▶ **EXERCISE DESCRIPTION**:
Your answer must be only the lines below from the one containing "The soon-to-be ex-state" through the one containing "Un menú para", copied exactly, with the pictures left out.

▶ **DATA UNDER STUDY**:
• • •
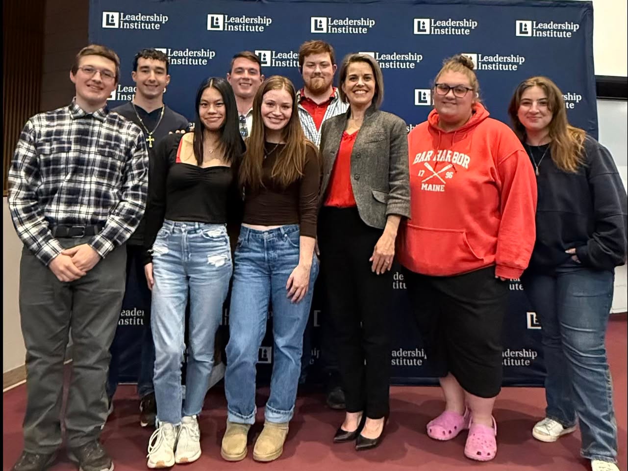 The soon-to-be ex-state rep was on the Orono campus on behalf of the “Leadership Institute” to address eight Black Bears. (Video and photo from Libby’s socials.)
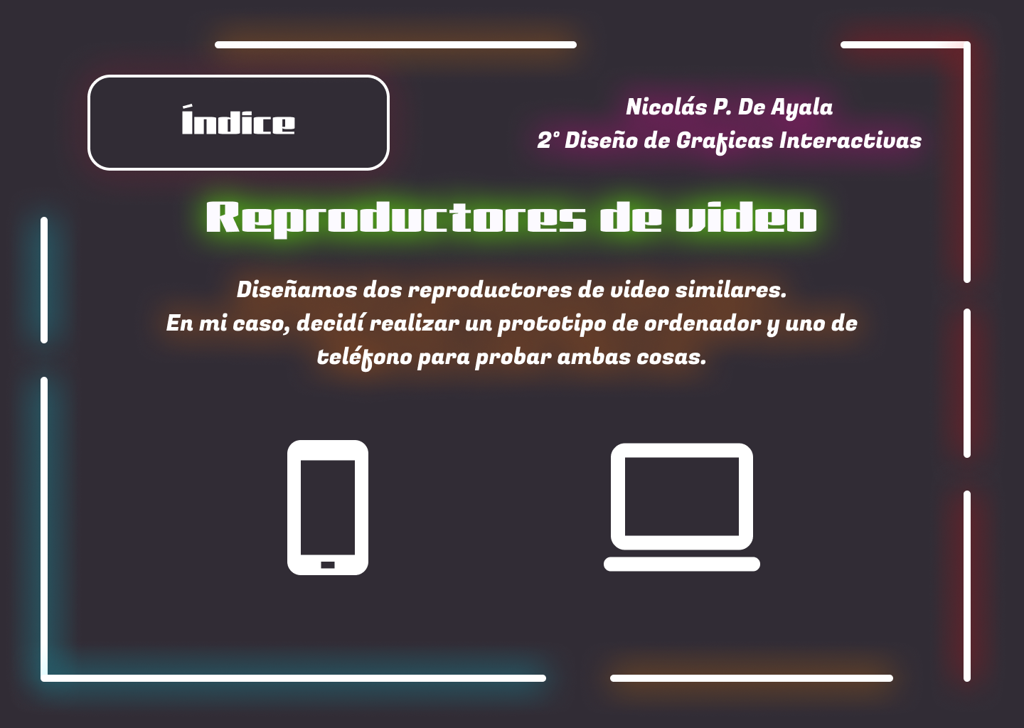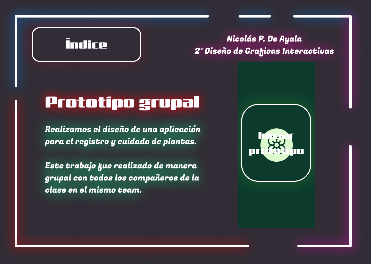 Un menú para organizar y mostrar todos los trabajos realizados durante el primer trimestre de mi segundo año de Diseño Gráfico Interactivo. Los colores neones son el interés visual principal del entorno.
• • •
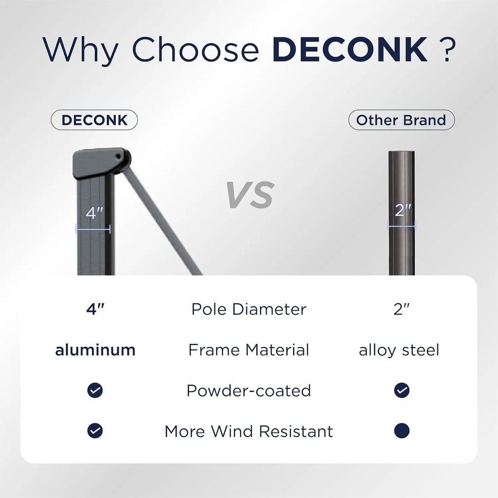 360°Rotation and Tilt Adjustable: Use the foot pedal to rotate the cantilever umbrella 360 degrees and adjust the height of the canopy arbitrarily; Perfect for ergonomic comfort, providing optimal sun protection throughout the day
• • •
▶ **SOLUTION TO THIS EXERCISE**:
 The soon-to-be ex-state rep was on the Orono campus on behalf of the “Leadership Institute” to address eight Black Bears. (Video and photo from Libby’s socials.)
 Un menú para organizar y mostrar todos los trabajos realizados durante el primer trimestre de mi segundo año de Diseño Gráfico Interactivo. Los colores neones son el interés visual principal del entorno.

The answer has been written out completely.